Australia cancels Novak Djokovic's visa again

Novak Djokovic faces possible deportation from Australia after his visa was revoked for a second time by officials on Friday — three days before he was due to begin the defense of his Australian Open title.

Driving the news: Immigration Minister Alex Hawke said in a statement he exercised his power to cancel the unvaccinated men's tennis world No. 1's visa "on health and good order grounds, on the basis that it was in the public interest to do so." A lawyer for Djokovic has asked a court for an injunction preventing his removal from Australia.


  • Nicholas Wood, a lawyer for the Serbian star, told an emergency directions hearing in the Federal Circuit Court in Melbourne that he would file a written application later Friday.
  • The tennis star is expected to attend an interview with immigration officials on Saturday, where he will likely be detained.
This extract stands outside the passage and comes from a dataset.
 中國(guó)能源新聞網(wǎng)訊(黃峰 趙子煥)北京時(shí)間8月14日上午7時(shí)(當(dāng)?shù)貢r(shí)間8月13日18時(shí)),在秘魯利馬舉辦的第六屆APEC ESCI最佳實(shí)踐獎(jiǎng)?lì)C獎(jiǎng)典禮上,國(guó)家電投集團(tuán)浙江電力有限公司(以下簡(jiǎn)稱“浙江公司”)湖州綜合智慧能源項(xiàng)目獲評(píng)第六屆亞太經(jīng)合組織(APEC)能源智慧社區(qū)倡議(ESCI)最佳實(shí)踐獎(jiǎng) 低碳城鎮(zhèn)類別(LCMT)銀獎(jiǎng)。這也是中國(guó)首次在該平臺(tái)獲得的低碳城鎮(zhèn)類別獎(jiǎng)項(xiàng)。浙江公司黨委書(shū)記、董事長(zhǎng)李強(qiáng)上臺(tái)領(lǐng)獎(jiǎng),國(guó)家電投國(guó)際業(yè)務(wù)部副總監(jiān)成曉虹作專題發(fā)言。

Another hearing could be held as soon as Sunday.

The big picture: Djokovic won an appeal last Monday against the Jan. 6 cancellation of his Australian visa by border agents over his travel application and vaccination status. The judge who overturned the original cancellation was overseeing Friday's hearing.

  • The 34-year-old was named top seed in the Australian Open draw despite Hawke reviewing his visa status and was hoping to win a record 21st Grand Slam title at the tournament, which begins on Monday.
  • Djokovic on Wednesday blamed his agent for his Australian travel application error and also apologized for not isolating after testing positive for COVID-19 in December.

Worth noting: Over 92% of people over the age of 16 have been fully vaccinated against the coronavirus in Australia, and residents in several states have experienced some of the world's strictest lockdowns and border policies during the pandemic.

What they're saying: Prime Minister Scott Morrison said in a statement that Hawke canceled Djokovic's visa "held on health and good order grounds, on the basis that it was in the public interest to do so."

  • "Our strong border protection policies have kept Australians safe, prior to COVID and now during the pandemic," added Morrison, whose conservative coalition government is seeking re-election in polls to be held by May.

Editor's note: This article has been updated with new details throughout.